Would other people provide him with endless food while he did this philosophizing? I imagine that any society, whether advanced megalopolis or tribal village, has a limit to their generosity towards complete nonproducers and would eventually demand something out of them, even if it’s just the output of that philosophizing. Someone had to work to produce that readily available food, I would think.

If he grew/harvested his own food, then he’d be lucky if he never experienced a stressful or even deadly event of pestilence, drought, or even injury to himself rendering him incapable of doing the quite hard work of growing and harvesting it.

Producing food is hard work and modern technological capitalism can be seen as a process of creating more and more layers of abstraction between food producers and the mouths that need to be fed, and doing it more efficiently at that to generate more spare time for other activities like leisure or philosophizing.


Those are very good questions, but here's the thing.

What even is the point of all this technology is the only option is a free life of prehistoric subsistence, or the drone life of a desk worker?

I refuse to accept this false binary choice. We are not made into drones because the machines and industry needs constant maintenance. Society with its artificial busywork and bullshit rules is the reason one has to work 40 hours a week. We have to earn a ton of money because, at the end of the day, half of it goes into the pocket of plutocrats, not to keep the gears oiled.

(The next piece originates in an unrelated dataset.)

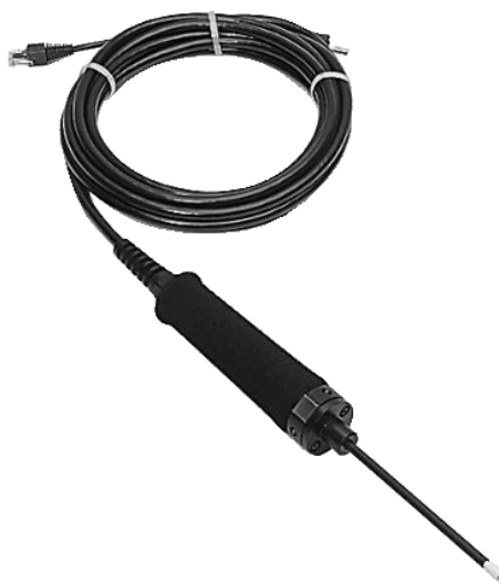
吸枪探头 LP 505
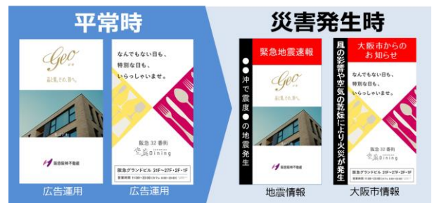
デジタルサイネージは災害時に広告から災害情報に自動切替

This is a huge topic for a comment on a forum thread, I am just trying to understand why other people deep into technology, automation, like us, are unable to visualize a world where technology works for us. Frees us from nature. Because right now we are using technology against ourselves. To control us, to make us more productive, to make our bosses more rich and politicians more powerful.

Technology is a tool. A force multiplier. But we are not using to increase our living standards, only to keep this circus turning, at our expense.


FWIW I agree with everything your saying, I think. I started out pr and only recently have had enough money to consider investing and high yield savings and bonds and all that shot, but it still gels zero sum, like inflation or the next black swan will just wipe it all out anyways if I ever try to retire and live off of what I’ve squirreled away, as sibling comment puts it.

It feels like there is no escape from work. Either you’ll spend every minute fishing for berries and hunting, or tilling sowing and reaping, or working at a desk and grocery shopping.

I truly admire the ascetics that give it all up and put their fate at the mercy of chance.


Because money, when you have enough of it, works for you. So we do our best, in the system we were born into, to squirrel away as much money so as to be able to retire ASAP, while remaining as sane as can be.

Technology these days is just icing on the cake. We don't need faster computers or ChatGPT to be able to feed all of humanity. We've been there for decades.


I don't disagree with you in principal but its hard to tell my kids to say goodbye to their friends and that we are selling the house and moving to a cheaper area where they will attend a rougher school because daddy has a philosophical objection to working for a boss.

If you are single and just responsible for yourself though, more power to you. Before I had kids I did something similar. I hit an absolute wall. Took a 50% paycut and left development. It was pretty good for a a couple years and then I started getting promoted and then got screwed over by office politics and started hating it. I went back to programming after that and the first job back was awesome. Very low pay but no crazy deadlines, small team, etc. Then I had kids and needed more $ so started job hopping. Now its just the suck every day.


Would you prefer subsistence farming?